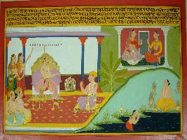 | Description / विवरण | Miniature painting based on Kadambari depicting a king on throne with 2 female attendants and 3 males are sitting in front of him with folded hands. In upper left part, 2 females are depicted, talking to each other and in lower left part, a yogi is in penance and another yogi is taking dip in river. |
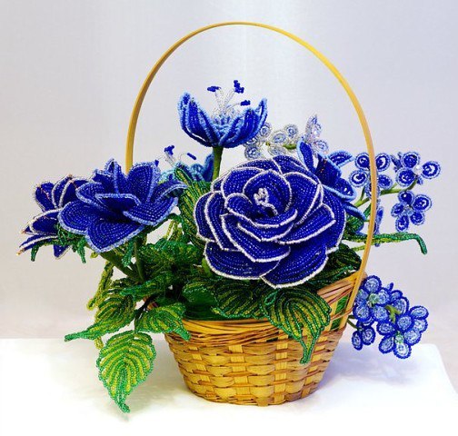 Arreglo de rosas de chaquira en azul
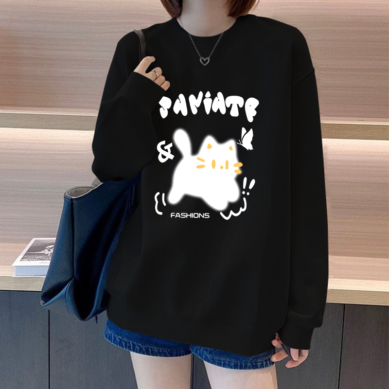 好看刺绣绒衫 LAGOGO黄油泡芙圆领加绒卫衣女拉谷谷2025年冬季 新款
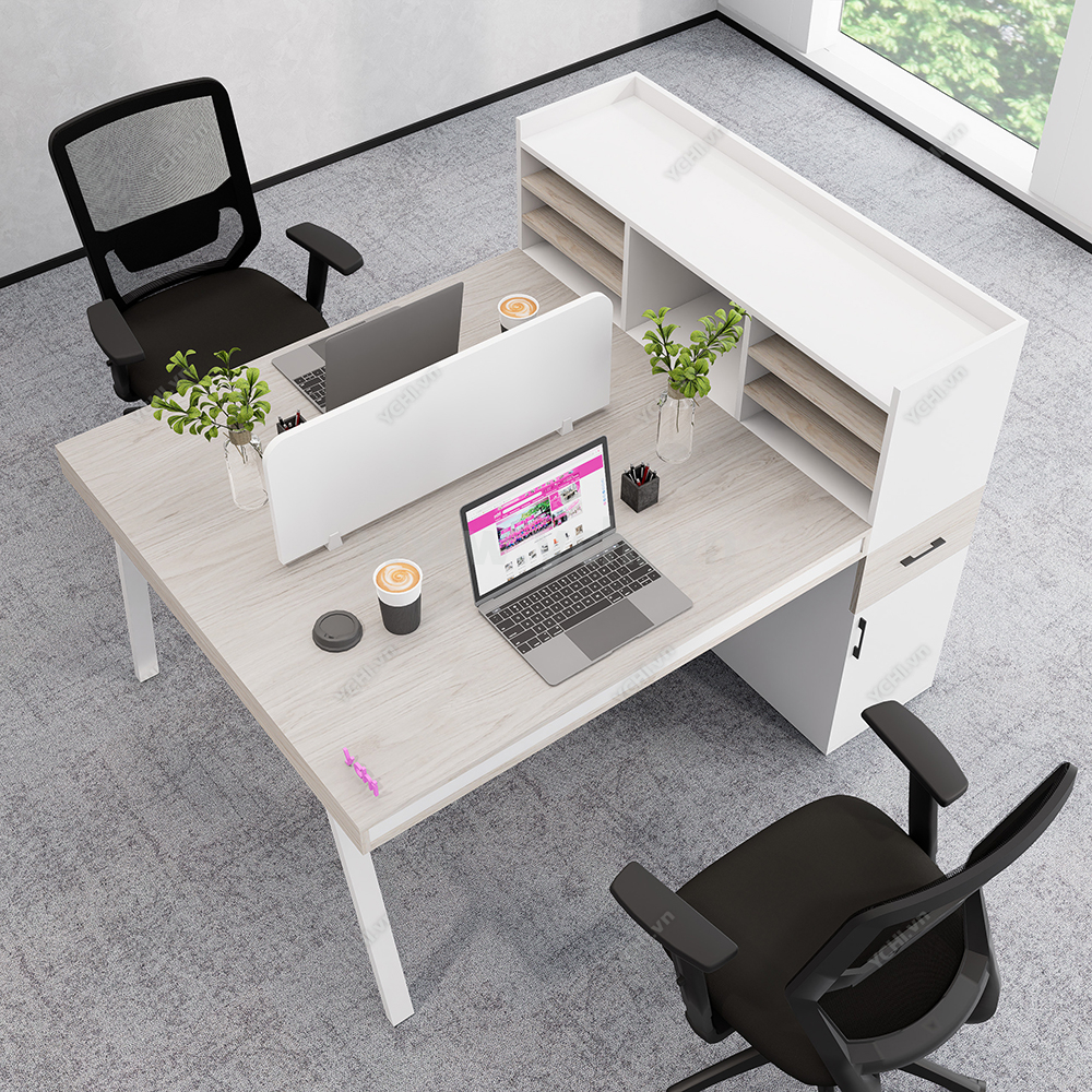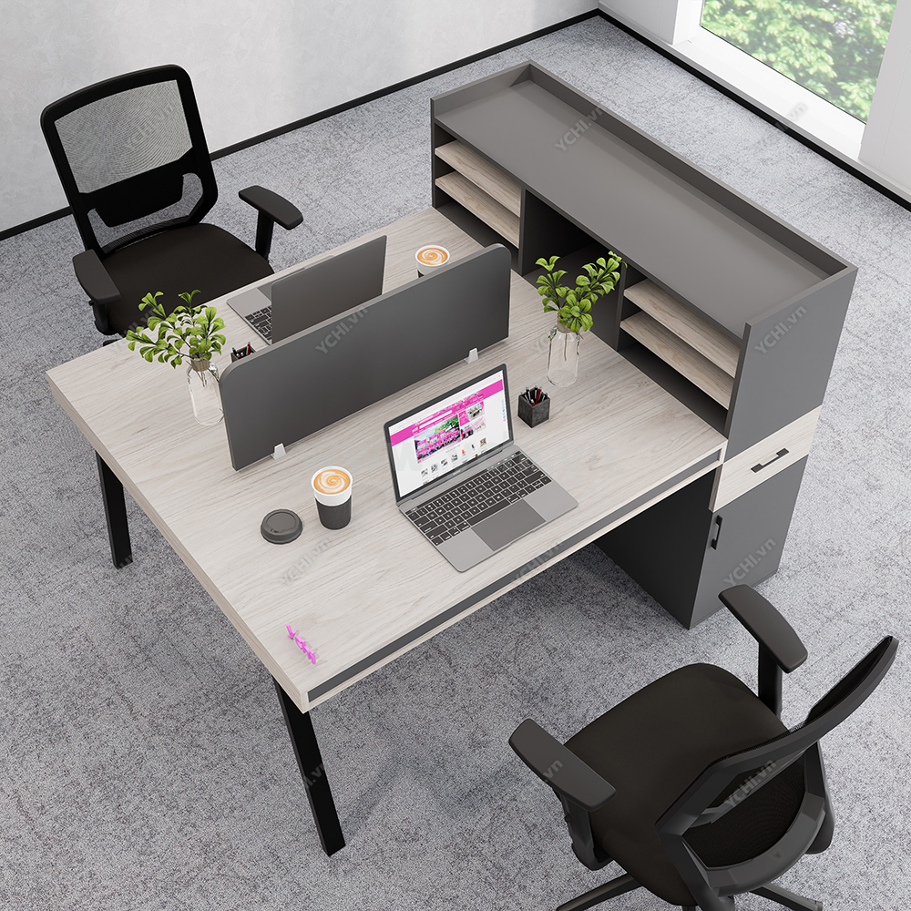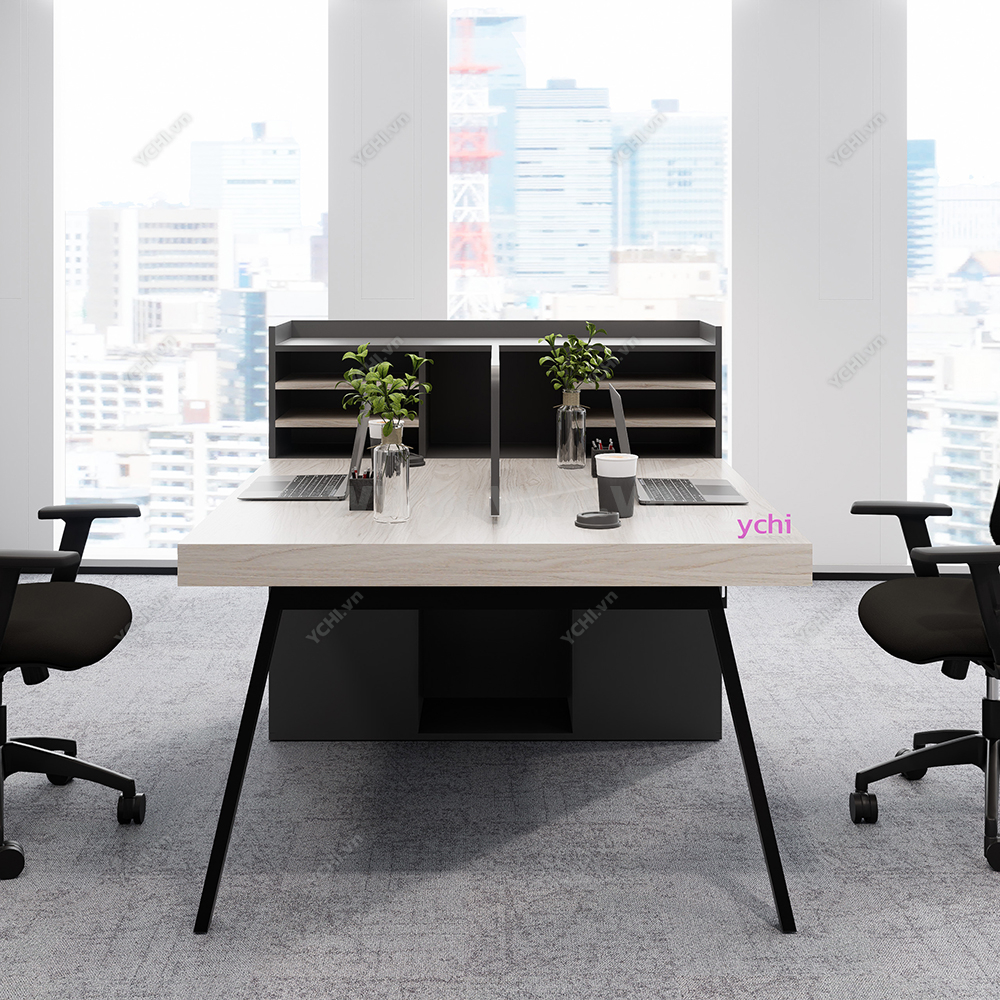 Khác biệt hoàn toàn với các dòng bàn đơn truyền thống, Cụm Bàn Làm Việc 2 Người Không Gian Atom Space YCHIAS019 sở hữu ngôn ngữ thiết kế trải dài liền mạch, sử dụng mặt gỗ công nghiệp cao cấp với gam màu sáng tinh khôi, tạo cảm giác nới rộng diện tích tối đa. Điểm nhấn ấn tượng nằm ở sự đối xứng hoàn hảo, nơi mỗi vị trí ngồi đều được trang bị một hệ tủ hộc kéo 3 ngăn vững chãi đóng vai trò như chân trụ trung tâm, vừa đảm bảo khả năng chịu lực tuyệt vời, vừa mang lại không gian lưu trữ cá nhân cực kỳ tiện lợi. Sự kết hợp giữa khung chân sắt chữ A sơn tĩnh điện màu đen quyền lực và vách ngăn xám tối tối giản không chỉ tạo ra ranh giới riêng tư cần thiết để tăng cường sự tập trung, mà còn kiến tạo nên một tổng thể kiến trúc văn phòng vô cùng đẳng cấp và đồng bộ. Đây chính là sự lựa chọn chiến lược để thúc đẩy tinh thần kết nối đồng nghiệp trong khi vẫn giữ vững hiệu suất làm việc độc lập, phù hợp hoàn hảo cho các startup và doanh nghiệp hướng tới phong cách hiện đại, tinh gọn.

### ACTIVITY:
Every line of the material above must be written out exactly, with no pictures.

### EXERCISE RESULT:
 | Description / विवरण | Miniature painting based on Kadambari depicting a king on throne with 2 female attendants and 3 males are sitting in front of him with folded hands. In upper left part, 2 females are depicted, talking to each other and in lower left part, a yogi is in penance and another yogi is taking dip in river. |
 Arreglo de rosas de chaquira en azul
 好看刺绣绒衫 LAGOGO黄油泡芙圆领加绒卫衣女拉谷谷2025年冬季 新款
 Khác biệt hoàn toàn với các dòng bàn đơn truyền thống, Cụm Bàn Làm Việc 2 Người Không Gian Atom Space YCHIAS019 sở hữu ngôn ngữ thiết kế trải dài liền mạch, sử dụng mặt gỗ công nghiệp cao cấp với gam màu sáng tinh khôi, tạo cảm giác nới rộng diện tích tối đa. Điểm nhấn ấn tượng nằm ở sự đối xứng hoàn hảo, nơi mỗi vị trí ngồi đều được trang bị một hệ tủ hộc kéo 3 ngăn vững chãi đóng vai trò như chân trụ trung tâm, vừa đảm bảo khả năng chịu lực tuyệt vời, vừa mang lại không gian lưu trữ cá nhân cực kỳ tiện lợi. Sự kết hợp giữa khung chân sắt chữ A sơn tĩnh điện màu đen quyền lực và vách ngăn xám tối tối giản không chỉ tạo ra ranh giới riêng tư cần thiết để tăng cường sự tập trung, mà còn kiến tạo nên một tổng thể kiến trúc văn phòng vô cùng đẳng cấp và đồng bộ. Đây chính là sự lựa chọn chiến lược để thúc đẩy tinh thần kết nối đồng nghiệp trong khi vẫn giữ vững hiệu suất làm việc độc lập, phù hợp hoàn hảo cho các startup và doanh nghiệp hướng tới phong cách hiện đại, tinh gọn.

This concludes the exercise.